In addition to mechanisms that limit aggregate inheritance, cells have also evolved a process of aggregate removal so that any damage that accidentally leaks into the daughter cell is eliminated 45, 70. This removal is achieved either by disaggregation/degradation or by retrograde transport of aggregates back into the mother cell. As expected, most of the AGGs that have been studied affect both processes of aggregate retention and removal 45. Exceptions to this rule were the Hsp70 Ssa3 together with the metacaspase Mca1 that was found to solely regulate the process of aggregate removal. The specific role of Ssa3 in aggregate removal remains unknown, while the role of Mca1 is a combination of protease‐independent and protease‐dependent functions. Mca1 can act as a co‐chaperone and buffer against deficiencies in cytosolic Hsp40s and could possibly mediate its protease‐dependent effect by pre‐cleaving substrates and facilitating their subsequent removal by the proteasome 45, 109, 110.

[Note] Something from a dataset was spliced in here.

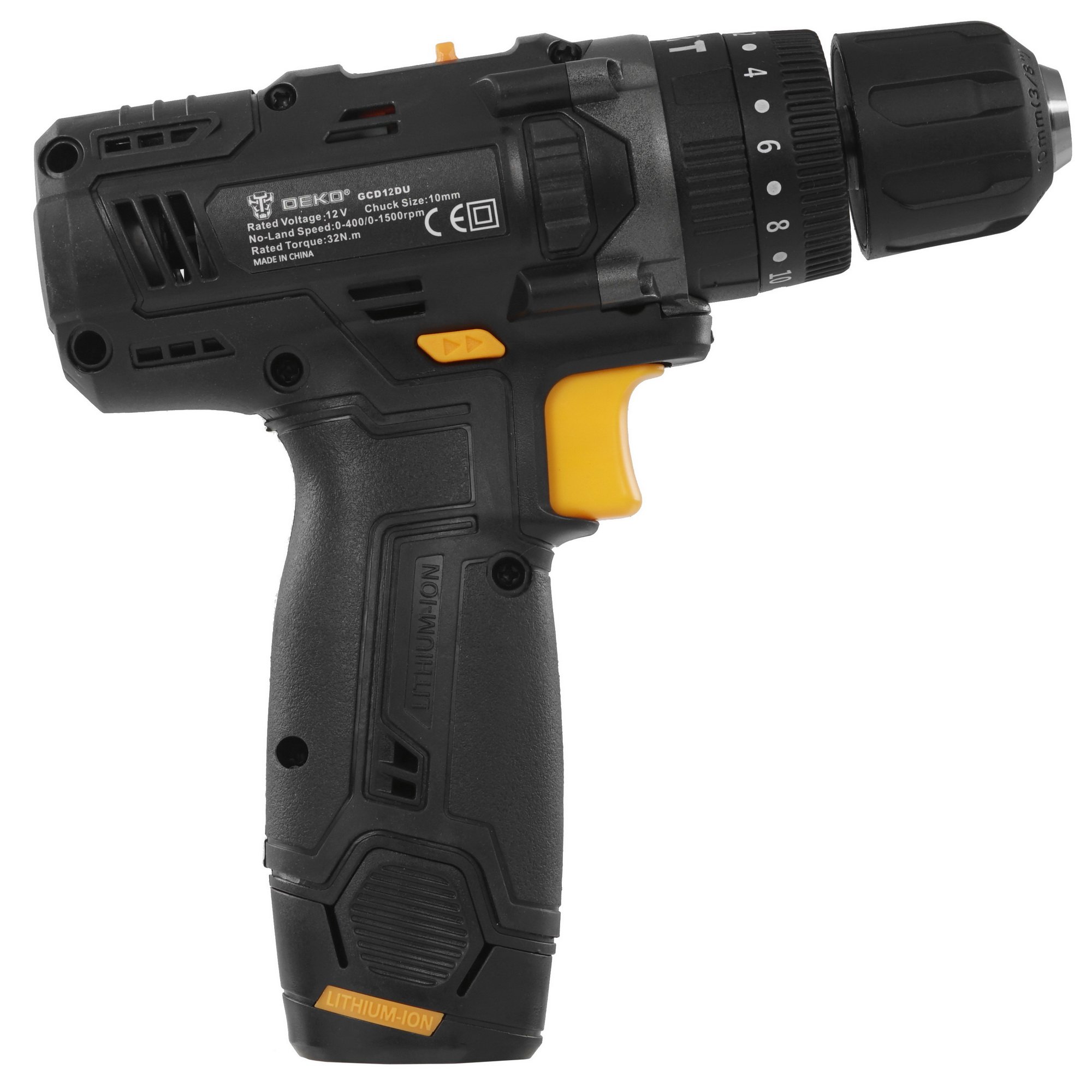 Дрель-шуруповерт аккумуляторная Deko GCD12DU, 12В, 1 АКБ, Ударная

Spatial quality control in higher eukaryotes

Some features of inclusion formation and damage retention that are seen in yeast are conserved also in higher eukaryotes. An inclusion site, named the “aggresome”, accumulates close to the nucleus in mammalian cell systems and sequestration of damage to this site is essential for asymmetric inheritance and progeny rejuvenation 72, 111, 112, 113. Although functionally similar to the yeast JUNQ, aggresomes are enclosed by a vimentin cage and are formed in a dynein‐ and microtubule‐dependent manner, as opposed to the actin dependence suggested for the yeast protein deposits 17, 72, 112. Targeting of misfolded proteins to the aggresome includes both ubiquitin‐dependent and independent sorting signals 114, 115 and seems to share many of the sorting factors that have been identified in yeast 16, 72, 116, 117, 118.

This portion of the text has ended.